■ **TASK PROMPT**
Every line of the material is to be quoted verbatim, minus the pictures.

■ **SOURCE MATERIAL**
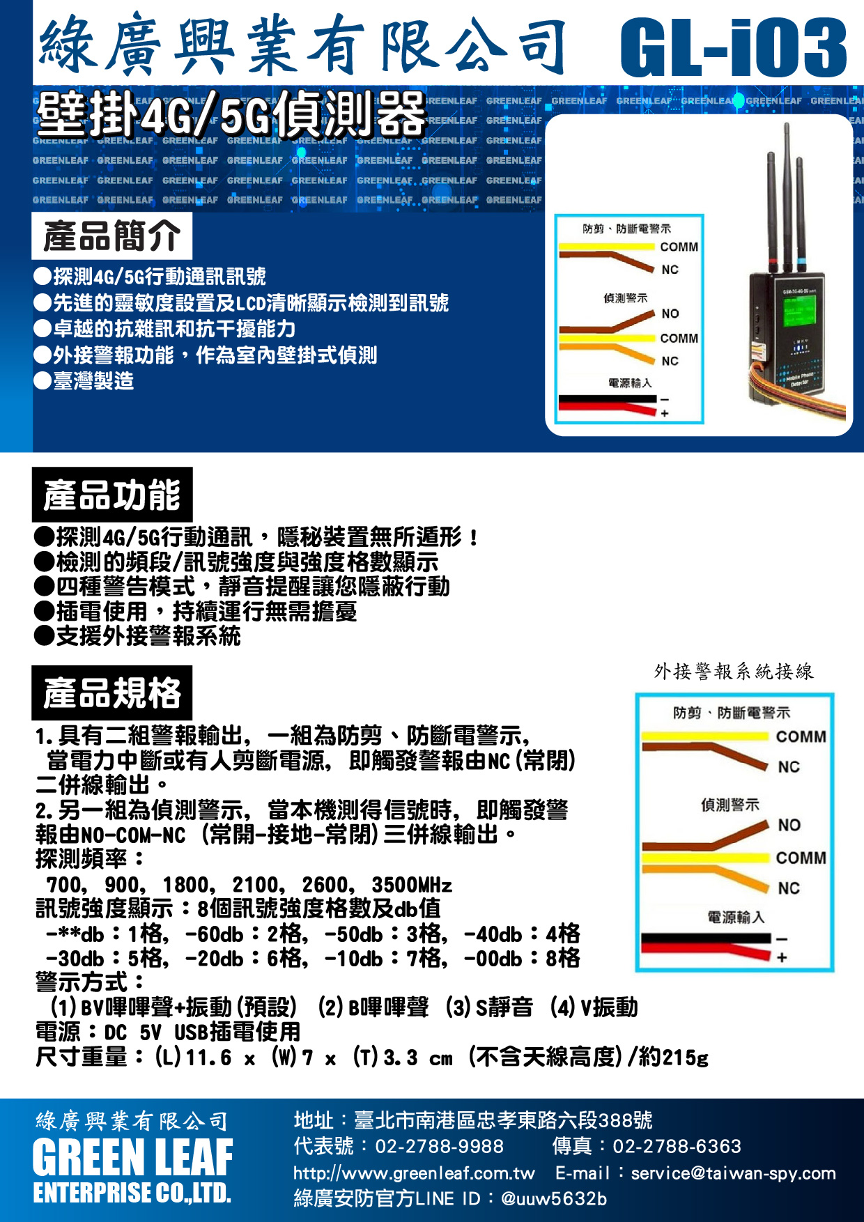 本機對GSM/3G/4G/5G(3300~3700MHz)手機信號具有良好的檢測能力,包括GSM/3G/4G/5G音頻監控和3G/4G/5G視頻監控。
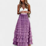 Boho Sukně s Síťovaným Saténovým Lemem
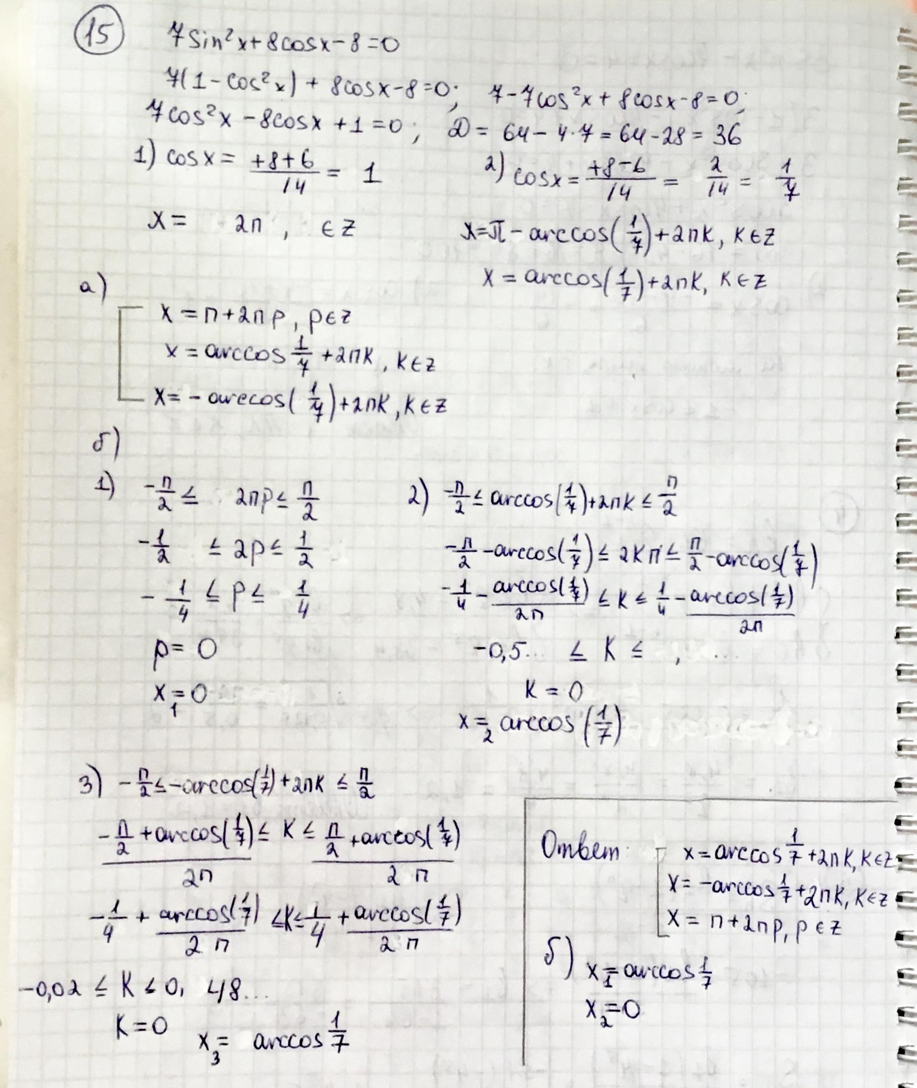 в 15 в б.3 будет -arccos(1/7), и в ответ его тоже надо записать к б
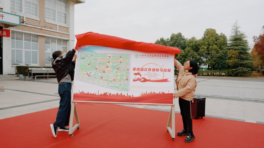 此次活动现场两个展板极为醒目,一个是铸牢中华民族共同体意识主题图,另一个是设计的校园红色迷你马拉松的路线图,在校园地图中标注了13个重要的地图打卡点,活动的总路程约为4公里。周耀明部长、学工处处长李金霞、食品学院副书记刘晓苏、食品药品研究院副院长马宇春分别为主题展板和路线图揭幕。

■ **ANSWER FOR THE TASK**
 本機對GSM/3G/4G/5G(3300~3700MHz)手機信號具有良好的檢測能力,包括GSM/3G/4G/5G音頻監控和3G/4G/5G視頻監控。
 Boho Sukně s Síťovaným Saténovým Lemem
 в 15 в б.3 будет -arccos(1/7), и в ответ его тоже надо записать к б
 此次活动现场两个展板极为醒目,一个是铸牢中华民族共同体意识主题图,另一个是设计的校园红色迷你马拉松的路线图,在校园地图中标注了13个重要的地图打卡点,活动的总路程约为4公里。周耀明部长、学工处处长李金霞、食品学院副书记刘晓苏、食品药品研究院副院长马宇春分别为主题展板和路线图揭幕。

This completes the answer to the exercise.